Protecting your principal while growing it modestly and consistently is the key to success.
Now, where MFs fall short of ETFs; MFs are illiquid – ETFs can be traded anytime the market is open just like a stock, and ETFs have tax advantages over MF (generally). Last but not least and why I’ve moved myself almost completely out of MFs and into ETFs is management fees. When I discovered the average management fee of ETFs is something like 0.40% I had to contact my advisor to clarify what their management fee was.
Well that fee was around 2.5%.. About 5X as much..
And for what? In both cases, at this time in my life all the shares are only sitting there, hopefully growing and reinvesting the dividends. Why would I be paying someone way more than necessary to do essentially what I am able to?
Long term, those management fees can have a DETRIMENTAL effect on your total net worth.
Here is some financial literacy for you..
|Gross return over 20 years @ 6%||$320,713||$320,713|
And now you know why Financial Advisors drive Porsche’s.
NOTE: Financial advisors are not evil. I would argue most of them could and will help improve your financial situation. Any advisor worth his weight should be doing much more than just buying stocks or funds for you. Estate planning, budgeting, retirement, helping you realize goals in your life via financial means should also be in their bag of tricks.
Plus that $100,000 would be worth only $132,050 if you had left it in the bank for 20 years collecting the average and measly – not even beating inflation, so actually losing money! – return of 1.4%. GROSS!
If you choose not to educate yourself on finances then going to a financial advisor is essential. But you’re going to pay for it. Look for an advisor that’s transparent about his fees. And isn’t charging you more than 1% of your total net worth.

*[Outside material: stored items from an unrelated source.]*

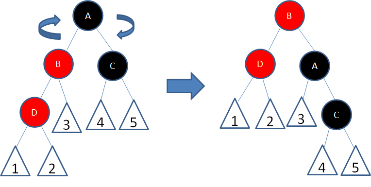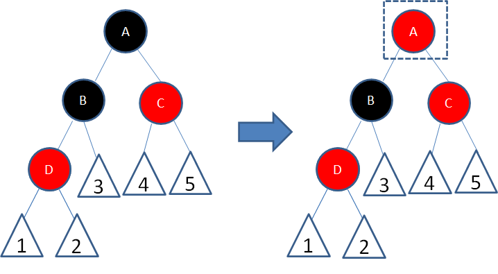 接下来,我们让结点B变为黑色,结点A变为红色:
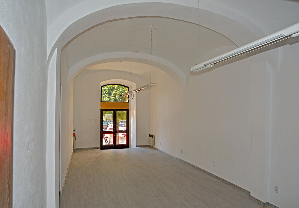 Domybyty.com Vám exkluzivně nabízejí pronájem nebytového prostoru (obchodu) 32 m2 v přízemí na Resselově náměstí v Chrudimi, který byl v r. 2025 zcela zrekonstruován (nové omítky, rozvod elektřiny, podlaha PVC). Za obchodem o výměrech 9,3 x 3,4 m je dřevěnou stěnou z masívu oddělený prostor (9 m2) pro kuchyňskou linku s přípojkou vody a odpadu. Na konci chodby v domě je WC. Elektřina 230 V, veř. kanalizace, vytápění třemi el. přímotopy. Vhodné i jako kancelář nebo sídlo firmy. Záloha na platbu vodného a stočného se hradí pronajímatelovi. Měsíční nájemné 10.000 Kč + el. energie, která se u dodavatele převede na nájemce, kauce 10.000 Kč. Volné ihned. Energetická třída G (ze zákona povinně uváděný neodpovídající údaj).
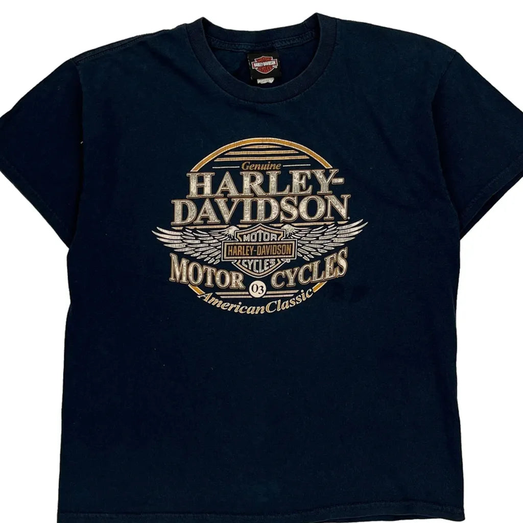American Classic Harley Davidson Graphic T-Shirt - Large Navy Cotton
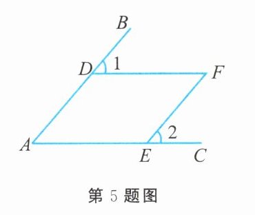 5. 如图所示,$AC// DF$,$AB// EF$,点$D$,$E$分别在$AB$,$AC$上.若$\angle 2 = 50^{\circ}$,则$\angle 1$的大小是(
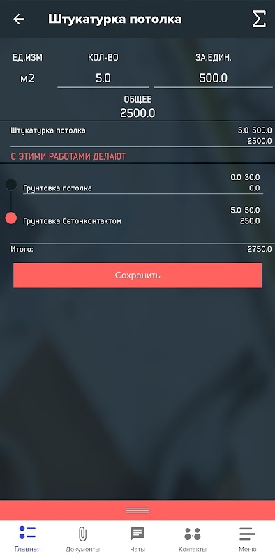 Aanvraag voor het berekenen van werkschattingen en het berekenen van materialen. Rekenmachine bouwen
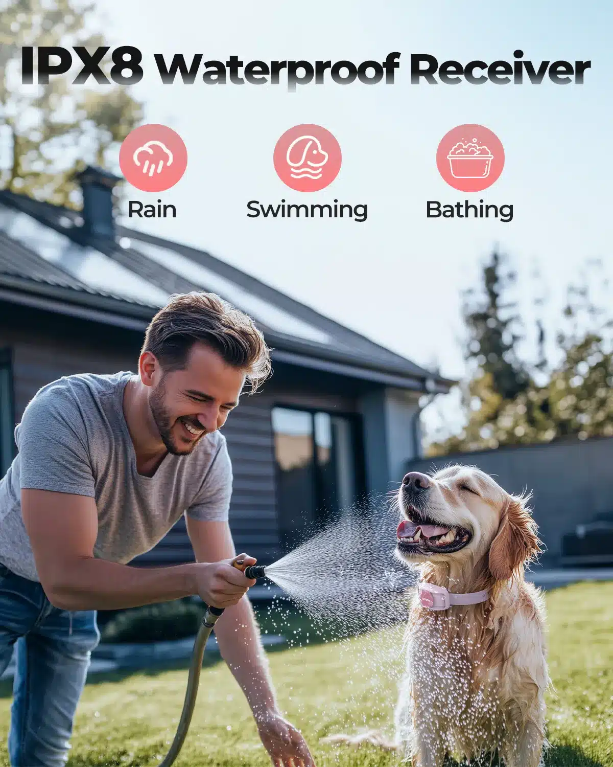 Take it outdoors in all conditions—rain, mud, even swims.IPX8 waterproof receiver guarantees uninterrupted training.
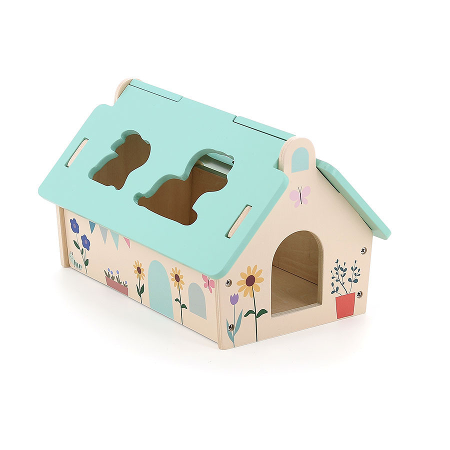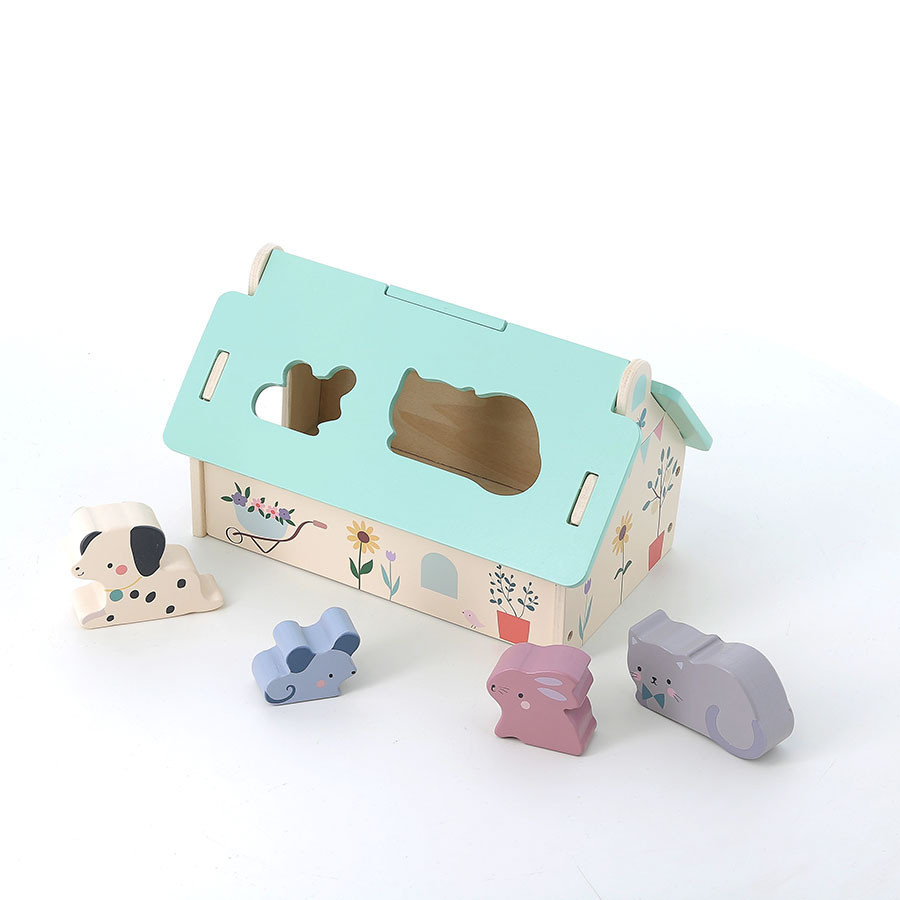 Mesés kis házikó levehető tetővel és négy állatfigurával (kutya, egér, macska, nyuszi). A gyerekek a megfelelő nyílásokba illeszthetik a figurákat, majd szabad játékra is használhatják a készletet. Fejleszti a finommotorikát, a problémamegoldást és a szókincset, Montessori-szellemiségben. Sarah Betz finom pasztelljei barátságossá teszik a dizájnt. Strapabíró fa kivitel, biztonságos élek, kiváló ajándék.
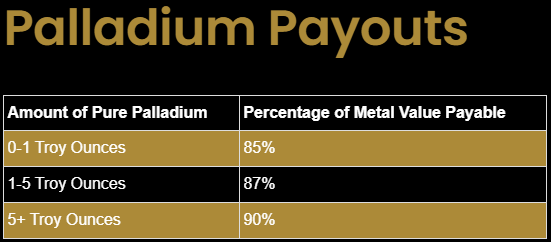 Palladium Bullion / Coins get payouts up to 95% of metal value
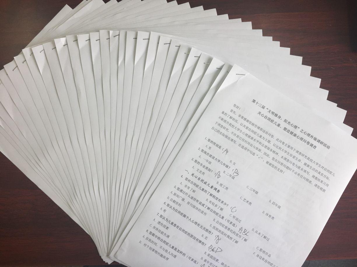 为进一步提升公司老员工心理健康水平,提高心理素质,构建积极、向上、阳光、自信的良好心态,更好的感受大公司园生活。由校员工处主办,best365官网入口注册承办的心理外场调研活动之关心自闭症儿童,塑造健康心理问卷调查活动成功举行。活动为期进行五天,收到来自公司不同公司不同专业的问卷调查共408份,其中,纸质问卷56份,电子问卷352份。
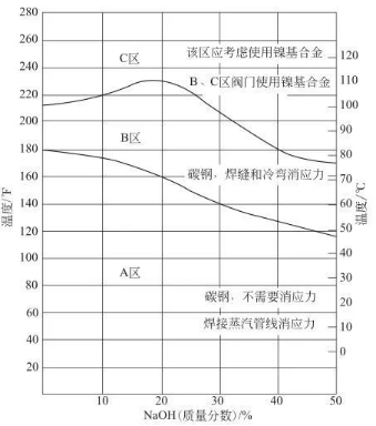主要管线和设备更换不锈钢304材质,提高碱脆的温度破裂区域温度。根据下图可以看出304不锈钢的碱脆破裂温度超过120°C。

Bottom line on financial literacy…
You can easily save yourself a lot of money. All you have to do is invest a bit of your time in reading up on how money works.
You don’t need to be a millionaire to invest, and financial literacy isn’t reserved for the 1%. It only appears that way to make other people money.
In my opinion financial literacy is simply a part of being an adult. Money is a huge aspect of our lives. You learn to cook, do your own laundry and set regular doctor’s appointments. So should you be keeping a working understanding of YOUR money and finances.
If you don’t care to get around to it, maybe one day you can invest with me. For a more-than-reasonable fee, of course. Who knows!